Last week I had an appointment in the western suburbs and I took the opportunity to drive by Morton Arboretum. For those of you who aren’t Chicagoans the Arboretum is a private trust, established by Joy Morton on the grounds of the old Morton estate (Morton Salt). His dad, J. Sterling Morton, was a great fancier and collector of trees and was instrumental in the establishment of Arbor Day.

A quick look around suggested to me that this weekend would be an excellent time to look at some fall color. Despite several days of rain between my reconnoitering visit and our actual visit, the fall colors in the Arboretum were still magnificent. I neglected to bring my camera and I took these lousy pictures on my cell phone. They still give you some idea of how dramatic and vibrant the colors were. I can barely describe to you the experience of slowly driving the narrow lane through the maple groves on the east side of the Arboretum, gasping at the wall of yellow, orange, and red that encircled us and arched above us.

The tree above must be one of the most photographed trees in the world, of course behind the Great Sequoias.
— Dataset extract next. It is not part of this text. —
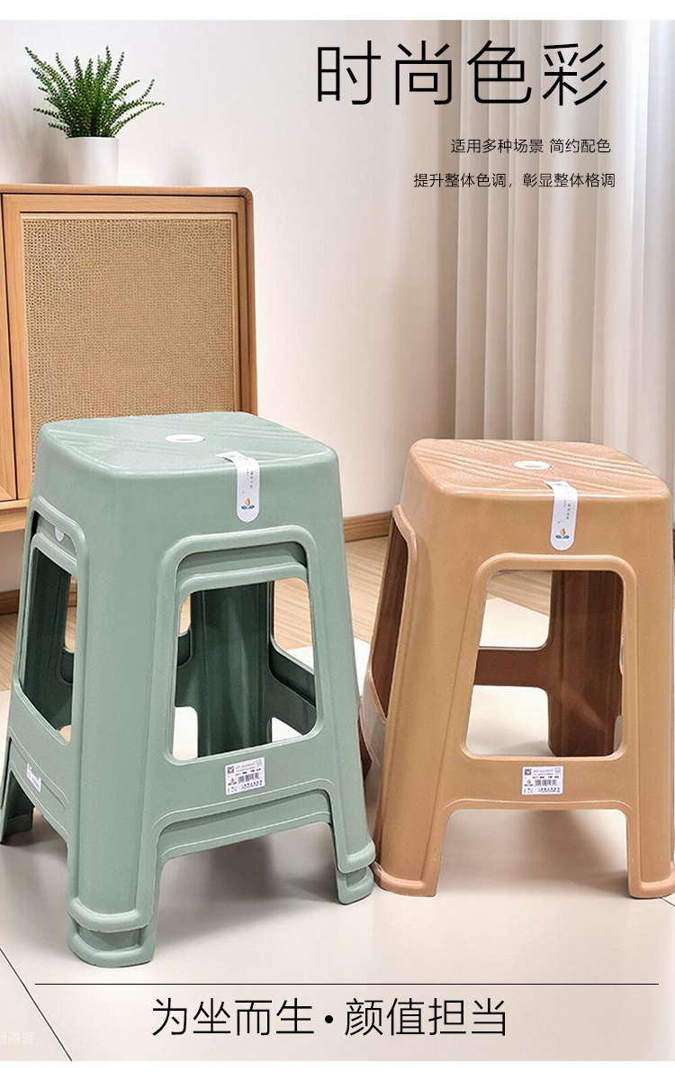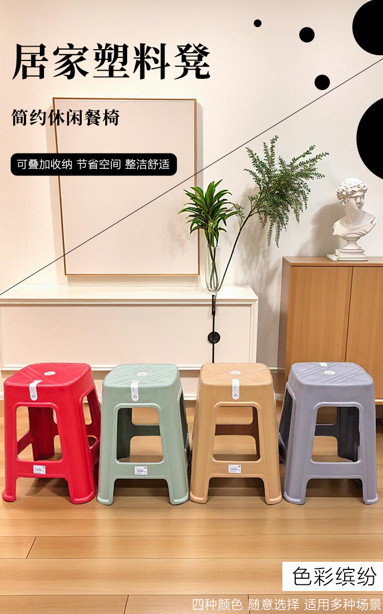1-10个装特厚熟胶加厚承重强塑料凳子高板凳客厅家用防滑成人方凳

Here’s another picture:

I suspect the color will still be glorious for another week or two. Well worth a visit (adult admission is $11).

3 comments… add one
  • PD Shaw Link

    Still pretty good pictures considering. I thought at first you had dusted off some more of your dad’s pictures.
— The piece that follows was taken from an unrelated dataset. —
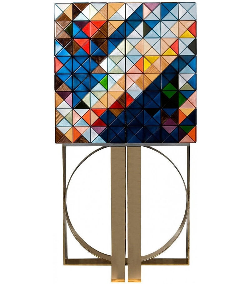 Pixel designed by Boca Do Lobo is a beautiful cabinet composed by 1088 wooden triangles in a diversity of woods and finishes: silver leaf, gold leaf, colored lacquers, and ten different types of wood leaf (ebony veneer, African walnut veneer, zebrano veneer, poplar veneer, palisander. Interior: two doors finished on the inside in a diamond quilted blue silk fabric open to nine drawers with gold knobs and a cabinet space all finished in aged mirror. Base: polished brass.
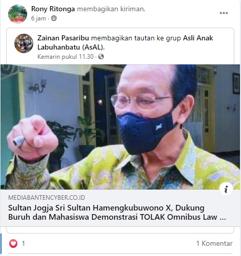 Tautan artikel berita tersebut berjudul "Sultan Jogja Sri Sultan Hamengkubuwono X, Dukung Buruh dan Mahasiswa Demonstrasi TOLAK Omnibus Law". Artikel dimuat di situs mediabantencyber.co.id.

    We took our leaf-peeping trip along the road between New Glarus and Baraboo, Wisconsin this year. I think the wet weather has made the leaves exceptional this year. I want to go back to Devil’s Lake again some October when it’s not snowing ?!?

  • Drew Link

    Great place isn’t it? Too bad we had those couple days of rain and wind that took down so many leaves.

  • Actually, it wasn’t bad there. As you can see from the pictures, there weren’t a lot of leaves on the ground. And in the maple groves the closely-clustered trees protected each other better than our widely separated street maples do.